In bovine heart mitochondria bongkrekic acid at concentrations as low as about 4 nmol/mg protein (a) completely inhibits phosphorylation of exogenous adenosine diphosphate (ADP) and dephosphorylation of exogenous adenosine triphosphate (ATP), (b) completely reverses atractyloside inhibition of inner membrane contraction induced by exogenous adenine nucleotides, and (c) decreases the amount of adenine nucleotide required to elicit maximal exogenous adenine nucleotide-induced inner membrane contraction to a level which appears to correspond closely with the concentration of contractile, exogenous adenine nucleotide binding sites Bongkrekic acid at concentrations greater than 4 nmol/mg protein induces inner membrane contraction which seems to depend on the presence of endogenous ADP and/or ATP. The findings appear to be consistent with the interpretations (a) that the inner mitochondrial membrane contains two types of contractile, adenine nucleotide binding sites, (b) that the two sites differ markedly with regard to adenine nucleotide affinity, (c) that the high affinity site is identical with the adenine nucleotide exchange carrier, (d) that the low affinity site is accessible exclusively to endogenous adenine nucleotides and is largely unoccupied in the absence of bongkrekic acid, and (e) that bongkrekic acid increases the affinity of both sites in proportion to the amount of the antibiotic bound to the inner membrane.

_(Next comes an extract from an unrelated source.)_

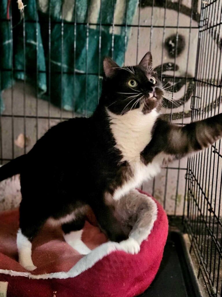 This is Spartacus – a black and white giant with a huge, loving heart who is looking, waiting, and hoping for a forever home! 🙏🏻 Despite his age (he’s about 5–6 years old), Spartacus is a playful kitty 🧶 When he runs, you’ll certainly know a friendly giant is coming – you can hear him a mile away! 🤣 And his fur — is it really black? When you stroke it, it looks like expensive, shimmering grey velvet.

在牛心线粒体中,浓度低至约4 nmol/mg蛋白质的邦克里酸(a)完全抑制外源性二磷酸腺苷(ADP)的磷酸化和外源性三磷酸腺苷(ATP)的去磷酸化,(b)完全逆转苍术苷对外源性腺嘌呤核苷酸诱导的内膜收缩的抑制作用,并且(c)将引发最大外源性腺嘌呤核苷酸诱导的内膜收缩所需的腺嘌呤核苷酸量降低到一个似乎与收缩性外源性腺嘌呤核苷酸结合位点的浓度密切对应的水平。浓度大于4 nmol/mg蛋白质的邦克里酸诱导内膜收缩,这似乎取决于内源性ADP和/或ATP的存在。这些发现似乎与以下解释一致:(a)线粒体内膜含有两种收缩性腺嘌呤核苷酸结合位点;(b)这两个位点在腺嘌呤核苷酸亲和力方面有显著差异;(c)高亲和力位点与腺嘌呤核苷酸交换载体相同;(d)低亲和力位点仅对内源性腺嘌呤核苷酸可及,并且在不存在邦克里酸的情况下大部分未被占据;以及(e)邦克里酸按与结合到内膜上的抗生素量成比例地增加两个位点的亲和力。